━━━ EXTRACTED DATA ━━━
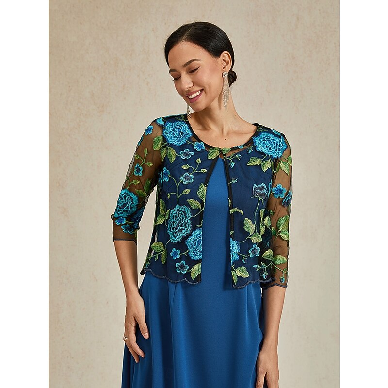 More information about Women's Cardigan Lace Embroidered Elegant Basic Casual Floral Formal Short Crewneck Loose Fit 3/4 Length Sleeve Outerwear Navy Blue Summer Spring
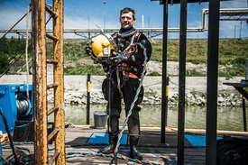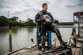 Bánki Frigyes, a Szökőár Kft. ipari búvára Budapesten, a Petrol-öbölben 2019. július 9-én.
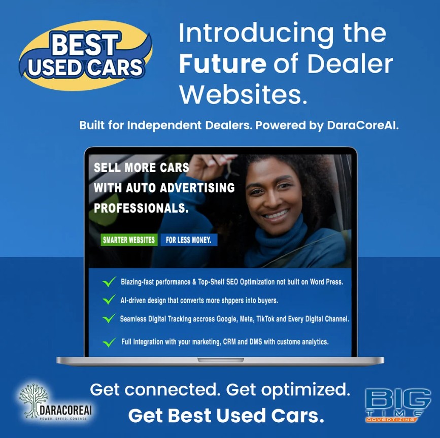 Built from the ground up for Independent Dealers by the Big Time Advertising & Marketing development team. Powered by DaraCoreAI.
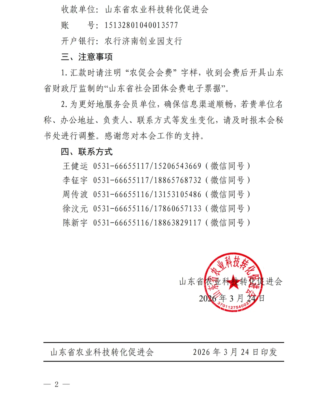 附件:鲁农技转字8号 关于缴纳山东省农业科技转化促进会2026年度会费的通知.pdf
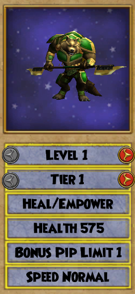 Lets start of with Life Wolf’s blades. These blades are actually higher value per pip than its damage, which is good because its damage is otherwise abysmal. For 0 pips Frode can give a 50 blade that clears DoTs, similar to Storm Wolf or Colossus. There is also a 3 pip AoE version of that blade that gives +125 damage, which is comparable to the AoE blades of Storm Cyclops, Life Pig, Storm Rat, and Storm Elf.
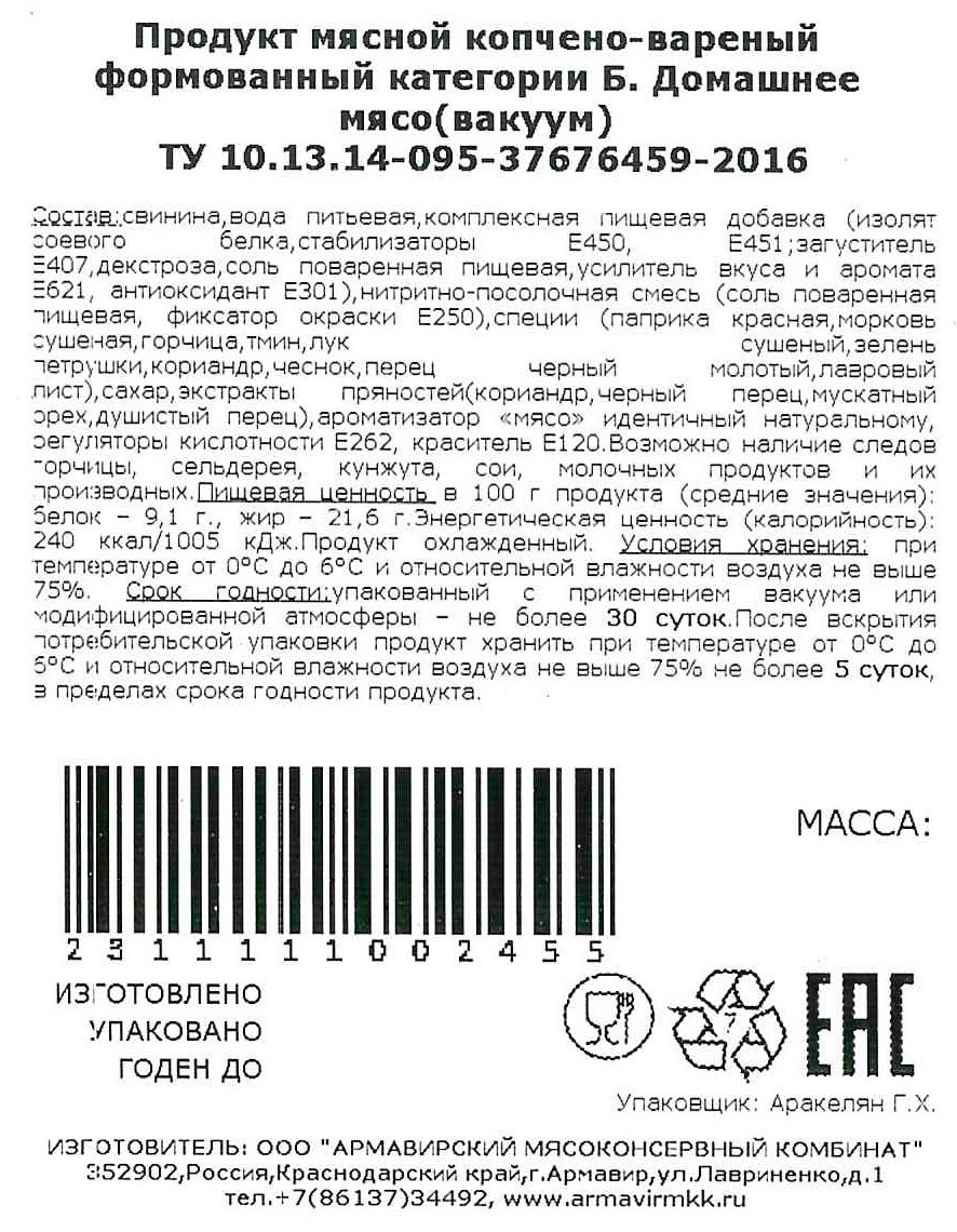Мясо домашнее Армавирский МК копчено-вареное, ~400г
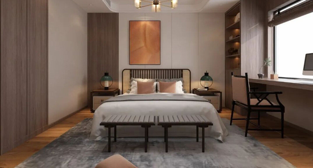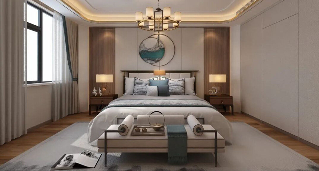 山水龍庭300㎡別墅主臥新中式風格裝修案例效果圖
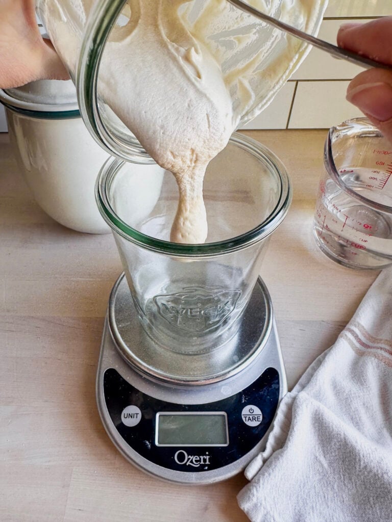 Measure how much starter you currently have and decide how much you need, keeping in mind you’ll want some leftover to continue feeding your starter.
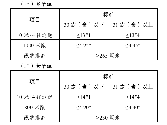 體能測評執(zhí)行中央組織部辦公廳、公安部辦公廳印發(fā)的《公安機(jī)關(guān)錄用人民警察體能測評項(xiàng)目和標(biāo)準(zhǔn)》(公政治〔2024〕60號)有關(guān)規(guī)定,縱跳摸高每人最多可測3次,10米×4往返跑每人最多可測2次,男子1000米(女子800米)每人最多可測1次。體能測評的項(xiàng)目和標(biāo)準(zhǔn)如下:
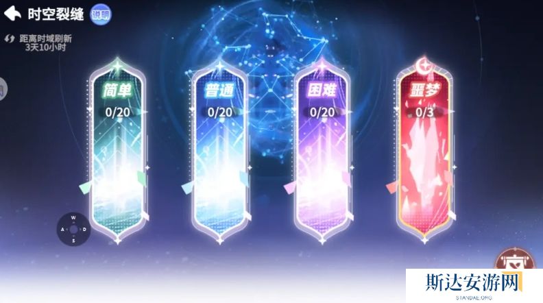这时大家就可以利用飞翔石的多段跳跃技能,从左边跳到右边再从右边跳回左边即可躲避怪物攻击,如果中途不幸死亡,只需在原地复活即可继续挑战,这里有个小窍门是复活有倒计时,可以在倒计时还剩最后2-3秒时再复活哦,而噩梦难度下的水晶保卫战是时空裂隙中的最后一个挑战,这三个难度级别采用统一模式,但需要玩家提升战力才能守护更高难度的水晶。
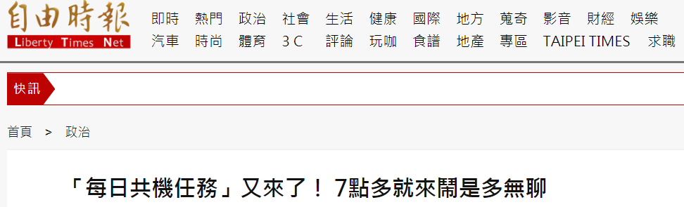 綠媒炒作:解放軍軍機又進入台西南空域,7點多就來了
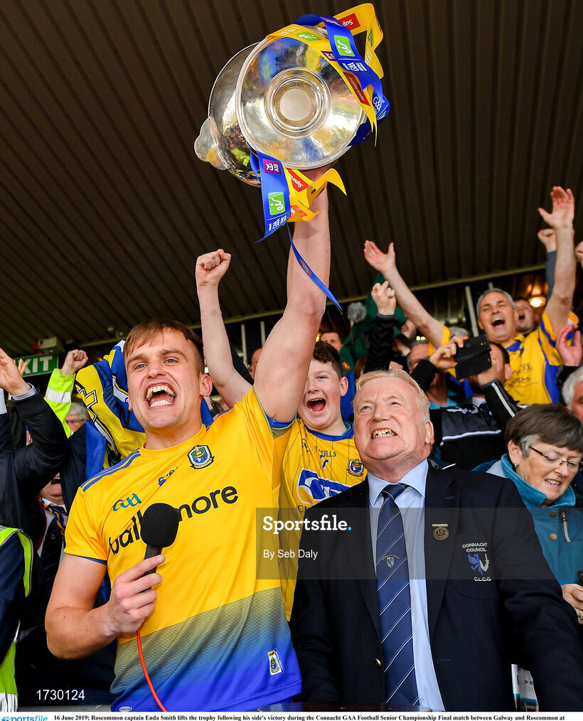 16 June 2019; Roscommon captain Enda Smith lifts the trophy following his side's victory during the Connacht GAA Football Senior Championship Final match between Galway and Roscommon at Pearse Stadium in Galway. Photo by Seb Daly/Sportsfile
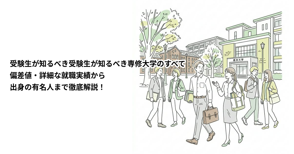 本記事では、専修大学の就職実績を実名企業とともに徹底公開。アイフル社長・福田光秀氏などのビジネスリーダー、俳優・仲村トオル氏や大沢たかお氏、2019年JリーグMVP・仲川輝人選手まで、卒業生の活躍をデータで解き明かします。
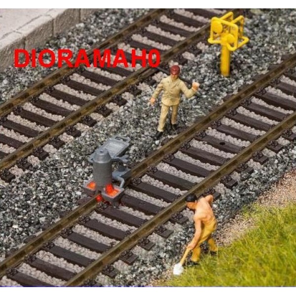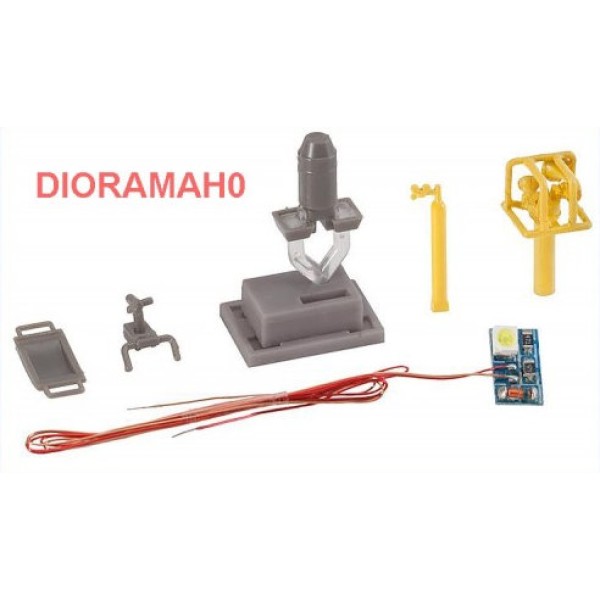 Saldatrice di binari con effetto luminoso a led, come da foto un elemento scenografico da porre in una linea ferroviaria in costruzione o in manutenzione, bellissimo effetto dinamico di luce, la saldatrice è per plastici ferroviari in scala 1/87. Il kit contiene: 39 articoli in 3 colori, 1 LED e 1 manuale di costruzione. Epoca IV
━━━
### [YOUR ASSIGNMENT]
Copy the records exactly as they appear, excluding images.

### [SOLUTION BELOW]
 More information about Women's Cardigan Lace Embroidered Elegant Basic Casual Floral Formal Short Crewneck Loose Fit 3/4 Length Sleeve Outerwear Navy Blue Summer Spring
 Bánki Frigyes, a Szökőár Kft. ipari búvára Budapesten, a Petrol-öbölben 2019. július 9-én.
 Built from the ground up for Independent Dealers by the Big Time Advertising & Marketing development team. Powered by DaraCoreAI.
 附件:鲁农技转字8号 关于缴纳山东省农业科技转化促进会2026年度会费的通知.pdf
 Lets start of with Life Wolf’s blades. These blades are actually higher value per pip than its damage, which is good because its damage is otherwise abysmal. For 0 pips Frode can give a 50 blade that clears DoTs, similar to Storm Wolf or Colossus. There is also a 3 pip AoE version of that blade that gives +125 damage, which is comparable to the AoE blades of Storm Cyclops, Life Pig, Storm Rat, and Storm Elf.
Мясо домашнее Армавирский МК копчено-вареное, ~400г
 山水龍庭300㎡別墅主臥新中式風格裝修案例效果圖
 Measure how much starter you currently have and decide how much you need, keeping in mind you’ll want some leftover to continue feeding your starter.
 體能測評執(zhí)行中央組織部辦公廳、公安部辦公廳印發(fā)的《公安機(jī)關(guān)錄用人民警察體能測評項(xiàng)目和標(biāo)準(zhǔn)》(公政治〔2024〕60號)有關(guān)規(guī)定,縱跳摸高每人最多可測3次,10米×4往返跑每人最多可測2次,男子1000米(女子800米)每人最多可測1次。體能測評的項(xiàng)目和標(biāo)準(zhǔn)如下:
这时大家就可以利用飞翔石的多段跳跃技能,从左边跳到右边再从右边跳回左边即可躲避怪物攻击,如果中途不幸死亡,只需在原地复活即可继续挑战,这里有个小窍门是复活有倒计时,可以在倒计时还剩最后2-3秒时再复活哦,而噩梦难度下的水晶保卫战是时空裂隙中的最后一个挑战,这三个难度级别采用统一模式,但需要玩家提升战力才能守护更高难度的水晶。
 綠媒炒作:解放軍軍機又進入台西南空域,7點多就來了
 16 June 2019; Roscommon captain Enda Smith lifts the trophy following his side's victory during the Connacht GAA Football Senior Championship Final match between Galway and Roscommon at Pearse Stadium in Galway. Photo by Seb Daly/Sportsfile
 本記事では、専修大学の就職実績を実名企業とともに徹底公開。アイフル社長・福田光秀氏などのビジネスリーダー、俳優・仲村トオル氏や大沢たかお氏、2019年JリーグMVP・仲川輝人選手まで、卒業生の活躍をデータで解き明かします。
 Saldatrice di binari con effetto luminoso a led, come da foto un elemento scenografico da porre in una linea ferroviaria in costruzione o in manutenzione, bellissimo effetto dinamico di luce, la saldatrice è per plastici ferroviari in scala 1/87. Il kit contiene: 39 articoli in 3 colori, 1 LED e 1 manuale di costruzione. Epoca IV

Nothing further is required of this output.